Be vigilant to lessen the spread of COVID-19 this holiday season
These are the Carter County COVID-19 facts as of Friday: 42 deaths, which is 1.1 percent of deaths statewide; a daily rate of 68.1 cases per day over the last seven days; and over the last 14 days Carter County has had an average 33.7 new cases per day. For the 14 days prior, the average was 21.9.
Over the last seven days, Carter County has averaged 193.3 tests per day, which equals to 34.3 tests per 10,000 residents per day. Over the past days, the average percent positive was 19.4 percent, which means that all nursing homes in the county are locked down due to COVID-19. This means no visitors, no one going in or out except for employees.
As of November 8, Carter County has been in the red zone.
The holidays are on us, so is flu season and winter. The numbers remind us that there is no holiday for the spread of COVID-19. We must be vigilant to lessen the spread of COVID this holiday season. The rising number of COVID-19 cases in Carter County and Northeast Tennessee — 61 Thursday in Carter County — serves as a wake-up call. The statistics are sobering. It’s important that we face the coronavirus facts and figures. And it’s even more important that we don’t forget that the growing death toll numbers are not just statistics. They represent people whose lives have been tragically cut short —including people here in Carter County.
The rising number of cases in Carter County and Northeast Tennessee serves as a wake-up call. Our number are among the highest in the state, per 100,000 residents.
The 2020 holiday season might be one of the bleakest experienced by many Americans. With colder weather confining people indoors, public health experts say we might see as many at 3,000 deaths a day in the U.S. during the month of December.
One projection by the Institute for Health Metrics and Evaluation warns that with current interventions the pandemic death toll in America will surpass 410,000 by New Year’s Day.
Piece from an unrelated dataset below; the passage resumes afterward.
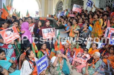 Photo Caption : BJP Mahila Morcha Protest condemning rampant Atrocities against Women and Children, at DCs Office, in Mysuru on Wednesday 12th November 2014

If we take the “herd immunity” and have no interventions, the death toll will reach at least 620,000 by Jan. 1.
Right now, the response by the White House and federal government can be likened to a burning Rome while its leader, Nero, fiddled.
This crisis is a bleak one for our nation. Consider three other periods of significant deaths in America’s history. World War II accounted for a total of 405,399 American deaths, with 291,557 of those in combat. The Civil War’s death toll is estimated to be about 655,000, with 214,938 people dying in combat. The Spanish Flu that ran its course during two years from 1918 to 1920 and resulted in at least 50 million deaths worldwide, about 675,000 occurring in the United States.
The pandemic is well on its way to surpassing in the number of deaths in wars and previous health crises in our nation’s history. As the COVID-19 death toll continues to grow, we might see more than 700,000 American lives lost by the end of next year.
Despite the dangers, we’re now seeing a perfect storm brewing of the potential for the contagion to spread far more rapidly in the coming months. A growing number of people feel “pandemic fatigue.” Many have stopped being diligent in protecting themselves and others through basic but effective actions such as wearing masks, washing hands, and social distancing.
A growing segment of the population is also filled with pandemic anger. They deny the public health crisis is real. Despite the science, some people believe COVID-19 is a hoax that is politically motivated.
The good news is that a vaccine may be readily available by spring, and can start to have a meaningful impact on the population.
The winter holidays are a time of festive gatherings of friends and family. People travel long distances to be with loved ones. It’s going to be hard emotionally on many of us to have to restrict our attendance at these parties, meals and other events. But in the year of COVID, the stakes are high.
Let’s remember we’re still in this situation for the long haul. The holidays this year will be a challenge for many of us as we face a more somber and serious winter season. But we can make it down this rough road if we all stick together.
Right now, the moment has come for true leadership. We need our officials, men and women on both sides of the political aisle, to set aside their ideological differences and remind us that we Americans are at our best when we choose to stop fighting and start uniting as a country.
Again, our holiday greeting to you this year: Stay safe. Wear a mask, socially distance, stay away from crowds, and practice good physical hygiene…and get a flu shot.